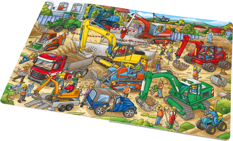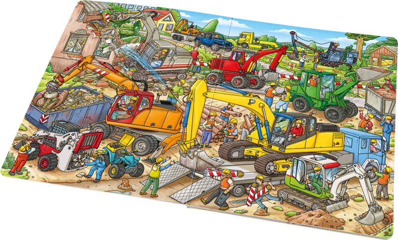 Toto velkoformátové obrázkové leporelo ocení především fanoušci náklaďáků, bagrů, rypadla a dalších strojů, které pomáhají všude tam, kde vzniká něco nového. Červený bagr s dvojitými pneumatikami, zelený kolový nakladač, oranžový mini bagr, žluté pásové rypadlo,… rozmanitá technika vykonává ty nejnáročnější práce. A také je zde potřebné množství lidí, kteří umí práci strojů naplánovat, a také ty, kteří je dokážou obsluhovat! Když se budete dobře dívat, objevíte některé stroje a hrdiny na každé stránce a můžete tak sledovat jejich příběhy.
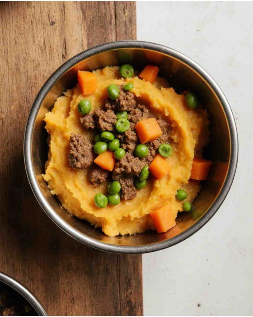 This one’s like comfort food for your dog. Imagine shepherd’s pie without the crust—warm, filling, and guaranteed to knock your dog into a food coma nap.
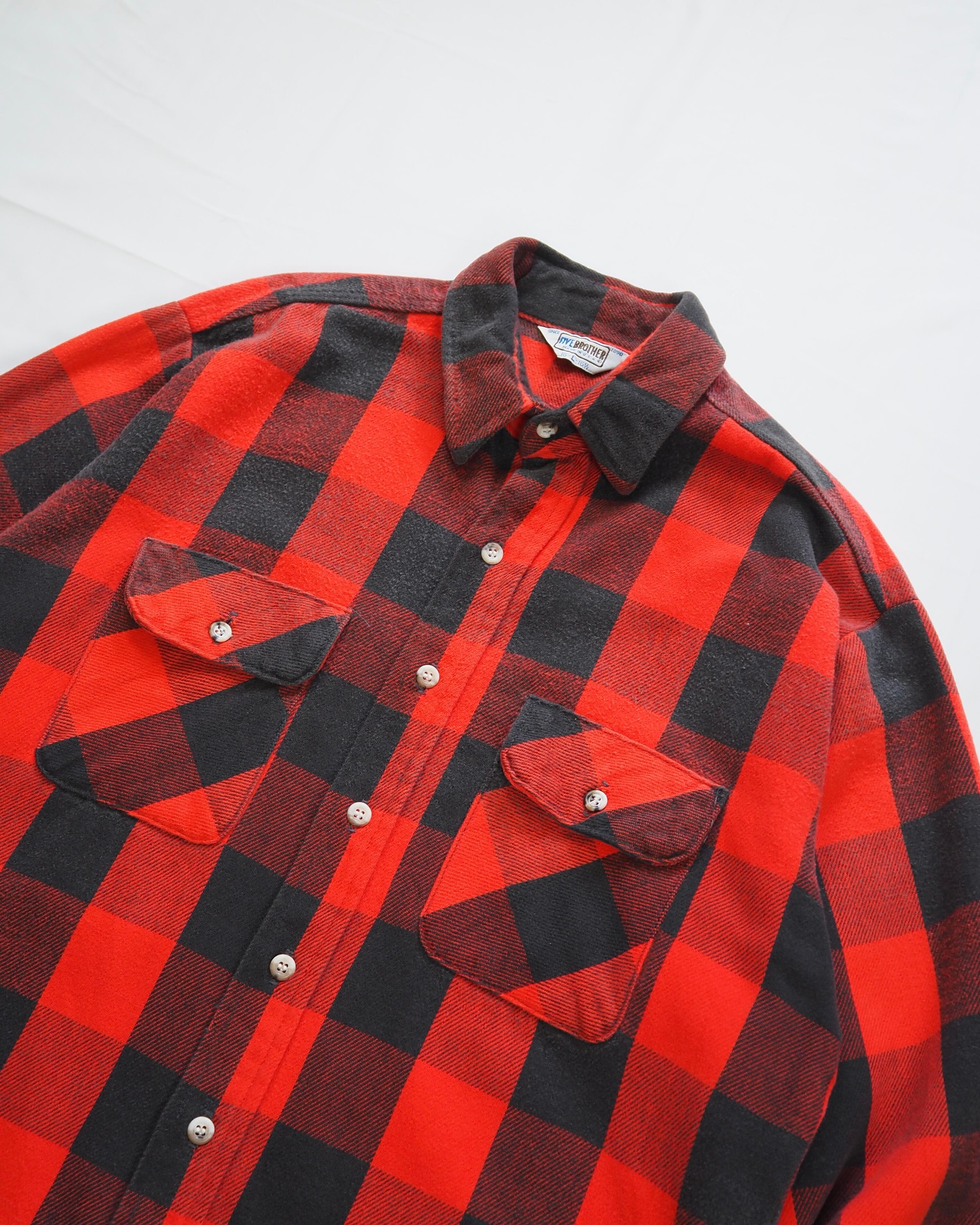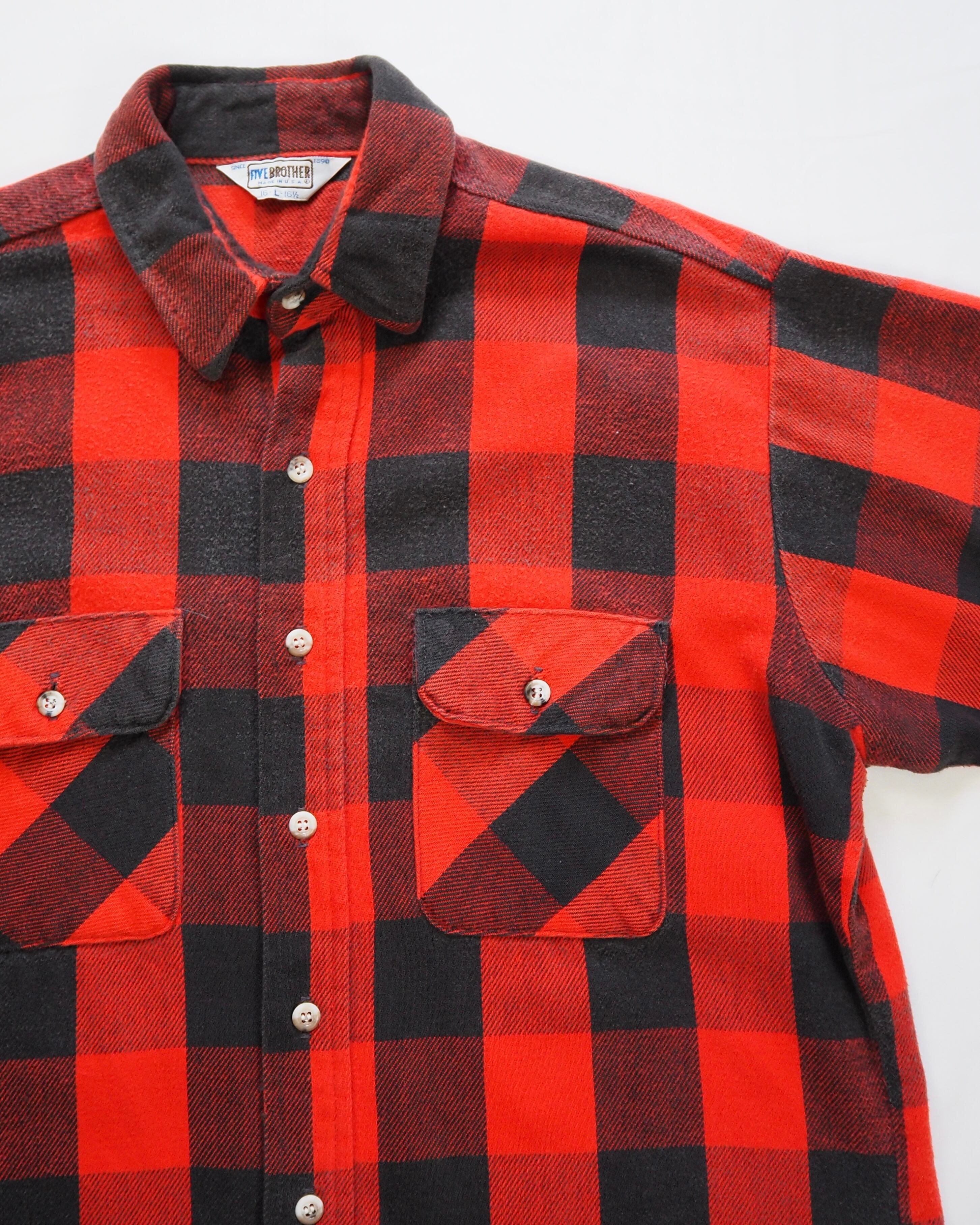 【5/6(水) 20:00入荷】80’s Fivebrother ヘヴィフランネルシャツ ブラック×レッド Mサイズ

--------------------

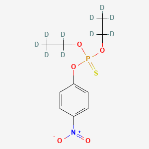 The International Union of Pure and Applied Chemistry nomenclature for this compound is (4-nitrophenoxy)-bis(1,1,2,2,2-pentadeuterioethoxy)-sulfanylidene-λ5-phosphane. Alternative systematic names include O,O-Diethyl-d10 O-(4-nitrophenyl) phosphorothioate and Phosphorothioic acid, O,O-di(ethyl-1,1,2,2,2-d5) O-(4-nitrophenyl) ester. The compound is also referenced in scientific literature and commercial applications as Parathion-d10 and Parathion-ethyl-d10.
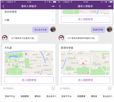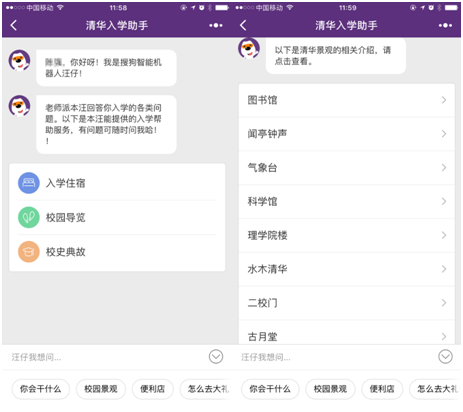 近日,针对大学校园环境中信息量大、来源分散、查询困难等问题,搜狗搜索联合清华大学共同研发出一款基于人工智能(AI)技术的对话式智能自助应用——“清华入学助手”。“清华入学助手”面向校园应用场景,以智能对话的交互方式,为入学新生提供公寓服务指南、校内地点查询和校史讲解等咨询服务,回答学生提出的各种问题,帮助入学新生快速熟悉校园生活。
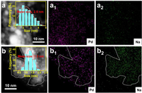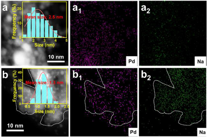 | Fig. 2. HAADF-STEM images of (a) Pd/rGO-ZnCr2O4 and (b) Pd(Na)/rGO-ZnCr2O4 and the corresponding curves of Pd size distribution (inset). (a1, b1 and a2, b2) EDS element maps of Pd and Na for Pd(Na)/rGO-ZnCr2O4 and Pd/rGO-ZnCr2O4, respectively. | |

--------------------

__Aim of the exercise__.
Within the listing above, extract exactly the lines that run from the one containing "This one’s like" through the one containing "ヘヴィフランネルシャツ ブラック×レッド Mサイズ", excluding any pictures.

__Written reply__.
 This one’s like comfort food for your dog. Imagine shepherd’s pie without the crust—warm, filling, and guaranteed to knock your dog into a food coma nap.
 【5/6(水) 20:00入荷】80’s Fivebrother ヘヴィフランネルシャツ ブラック×レッド Mサイズ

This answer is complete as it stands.